Post by CrimsonPhantom on Jun 11, 2012 14:10:32 GMT -7
Tommy Bowden already sees what's coming in a college football playoff. His Tulane team was one of the first test cases of something called the Bowl Championship Series 14 years ago.
The Green Wave were one of only two undefeated teams during the 1998 regular season. Tennessee was the other. Tulane finished 10th in the regular season, eventually beating BYU in the Liberty Bowl. Tennessee went on to win the national championship.

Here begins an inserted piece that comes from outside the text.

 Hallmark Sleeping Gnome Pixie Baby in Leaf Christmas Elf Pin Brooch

Outrage in New Orleans? Not back then.
"Our schedule was just not very tough," said Bowden, who coached those 12-0 Conference USA champions. "I was getting a lot of calls from reporters. I just told them up front, 'I don't think our schedule merits me being in.' "

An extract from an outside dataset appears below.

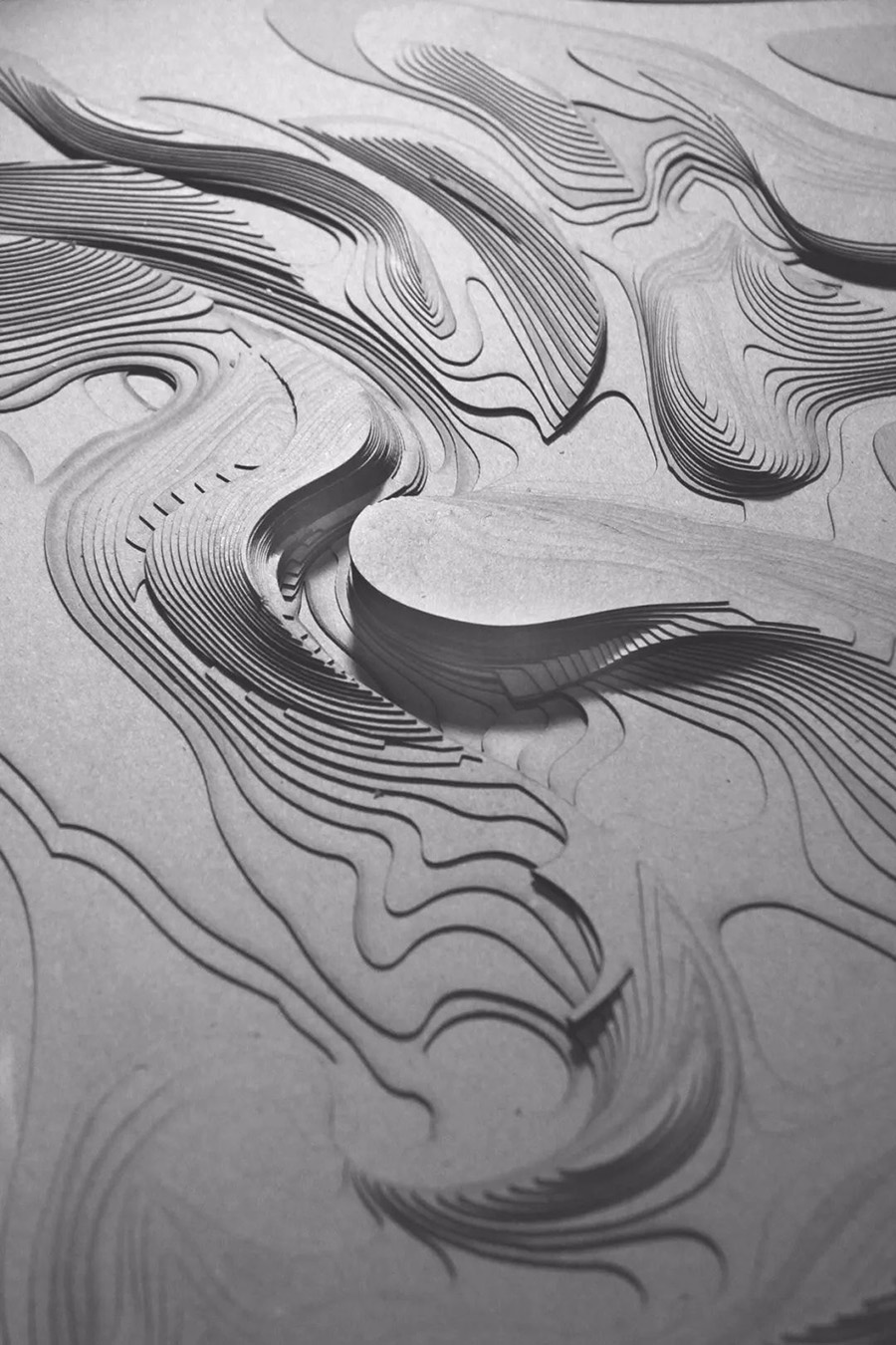 「水盡林中,便得一山,山有一口,如有光一般?!褂伤山嫌雾樍鞫?,來到一片豁然開朗的世外桃源,整個空間充滿了尺度與魔幻,幾個格子金屬屏風(fēng)高高聳立,猶如松江里的萬畝良田,一派富饒的景象油然而生。身旁竟有兩個神秘的洞口,稍作停留,便迫不及待地探索里面的神秘世界啦!

A team that produced an NFL quarterback (Shaun King) and one of the first refined zone-read, spread-option offenses, made its case beating the likes of SMU, Navy, Memphis and Army.

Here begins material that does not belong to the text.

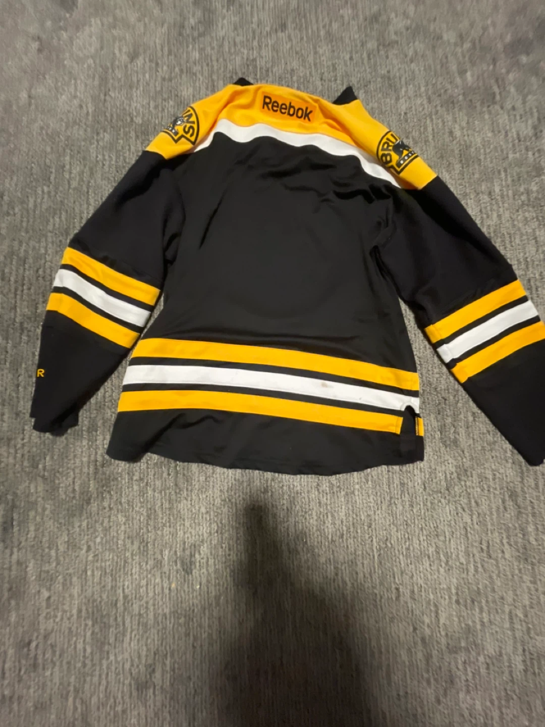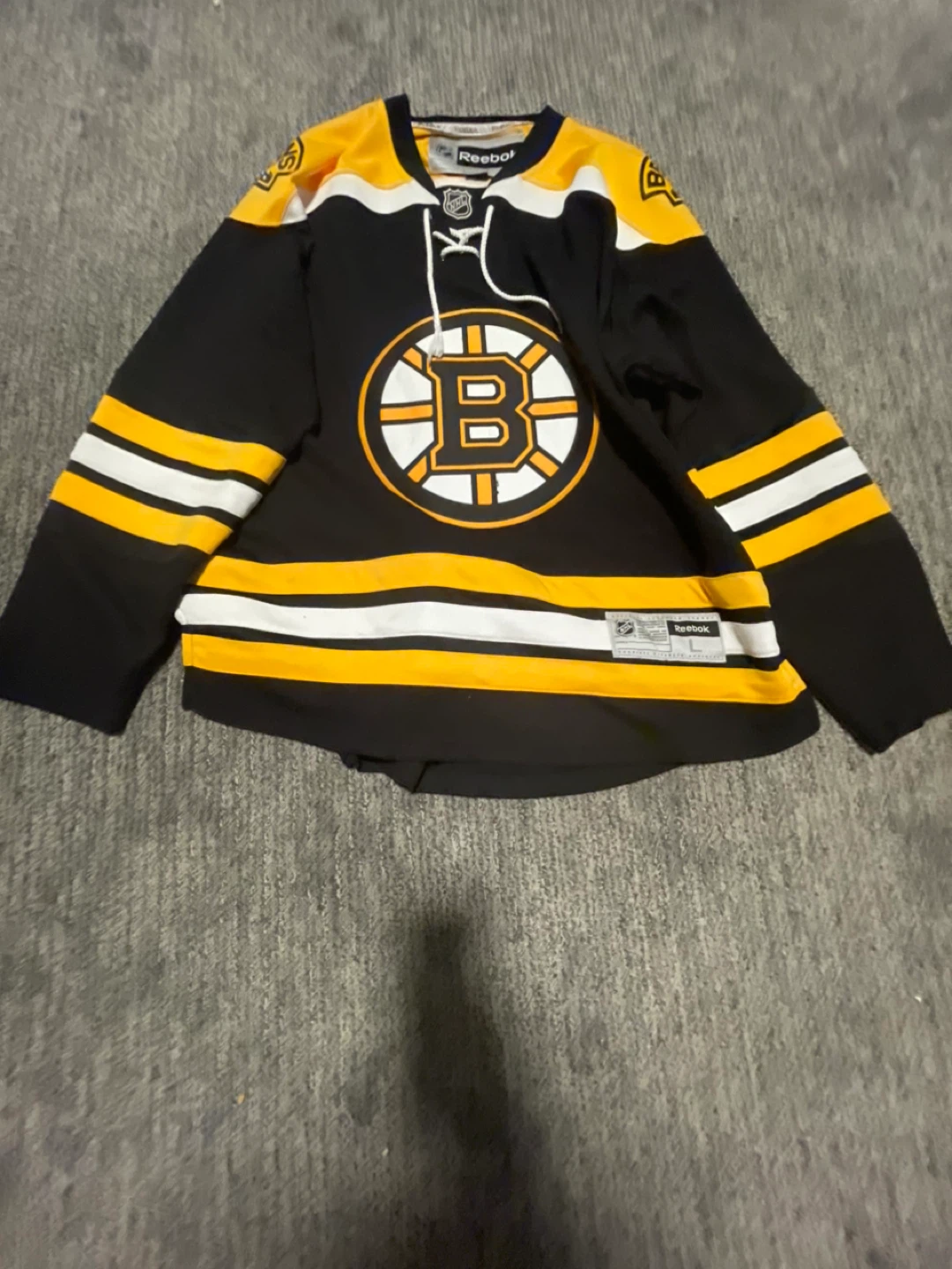 Selling a Reebok Boston Bruins hockey jersey in size L! It features the classic black and gold colours with the Bruins logo on the front. Perfect for any hockey fan!

"I coached in the SEC for 11 years," said Bowden, who also worked at Auburn, Alabama and Kentucky. "I was so familiar with how that league was week to week-to-week ... That's kind of been my analogy. The schedule is such a huge factor -- schedule and margin of victory. Anytime I have voted [in the coaches' poll] those have been the two major things. Those guys like Utah and Boise, they just don't play the strength of schedule."
The outcry for those non-BCS teams, as you may have noticed, became louder and more shrill over the years. Five such programs finished undefeated regular seasons since 1998. Only one non-BCS school -- TCU in 2009 and 2010 -- finished in the top four.